## Collected data
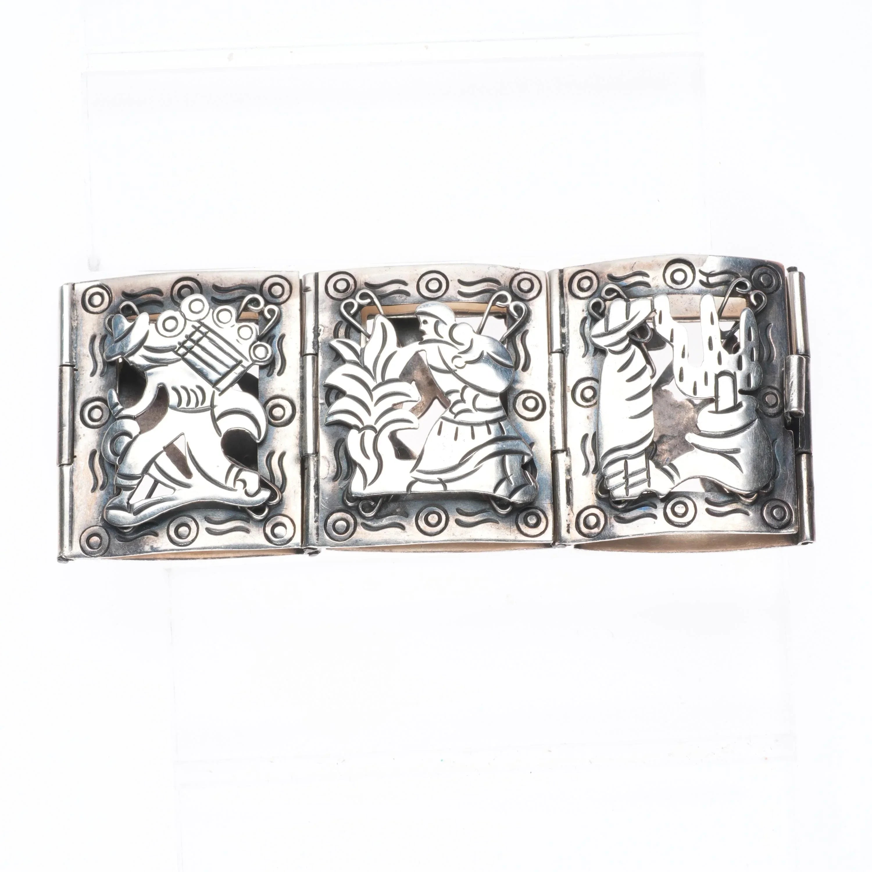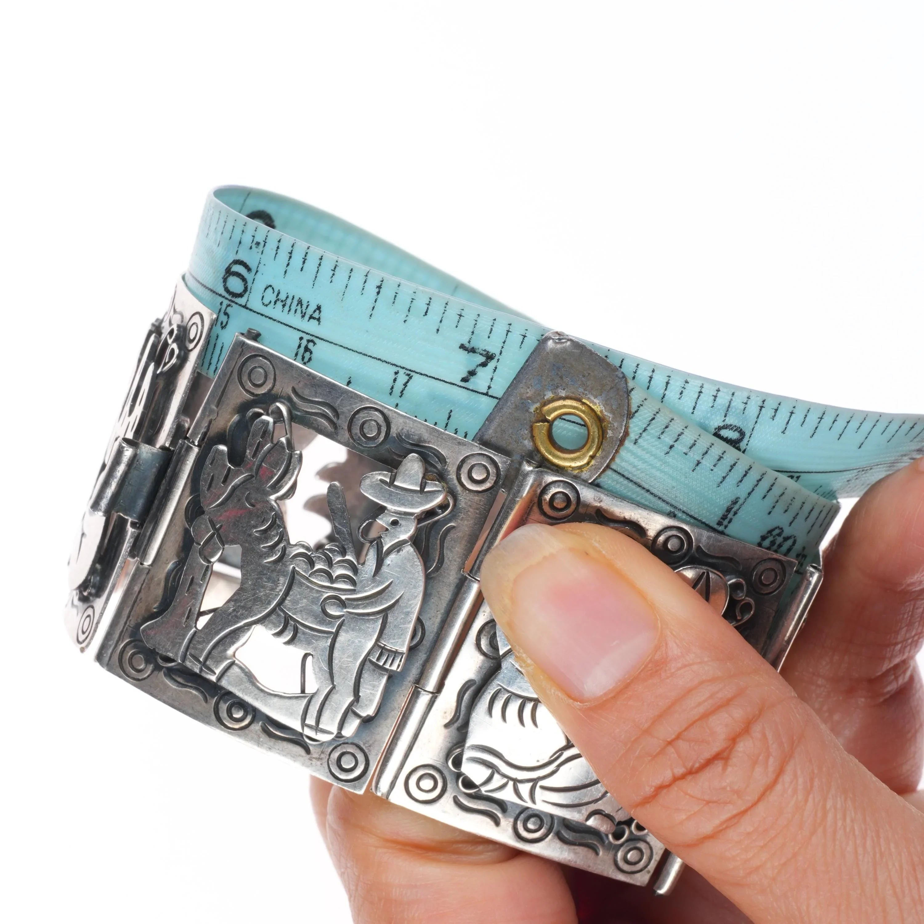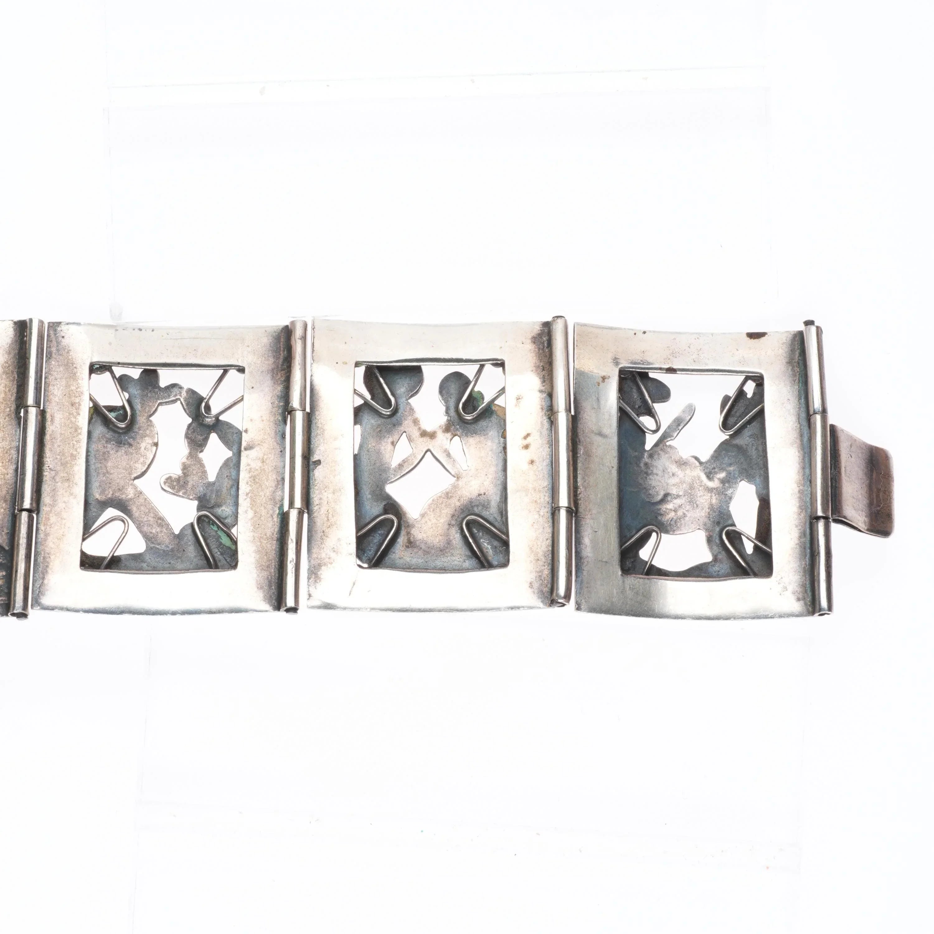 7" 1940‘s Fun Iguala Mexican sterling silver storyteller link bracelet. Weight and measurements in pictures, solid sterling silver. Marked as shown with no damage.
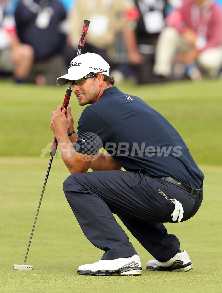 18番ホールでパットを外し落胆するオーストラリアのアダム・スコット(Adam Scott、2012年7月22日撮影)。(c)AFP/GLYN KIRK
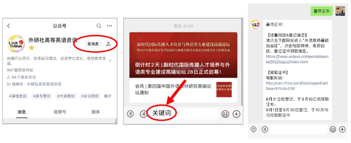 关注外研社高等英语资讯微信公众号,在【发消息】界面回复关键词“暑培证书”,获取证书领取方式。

## Problem description
Write out the material above exactly, and omit the pictures it holds.

## Exercise answer
 7" 1940‘s Fun Iguala Mexican sterling silver storyteller link bracelet. Weight and measurements in pictures, solid sterling silver. Marked as shown with no damage.
 18番ホールでパットを外し落胆するオーストラリアのアダム・スコット(Adam Scott、2012年7月22日撮影)。(c)AFP/GLYN KIRK
 关注外研社高等英语资讯微信公众号,在【发消息】界面回复关键词“暑培证书”,获取证书领取方式。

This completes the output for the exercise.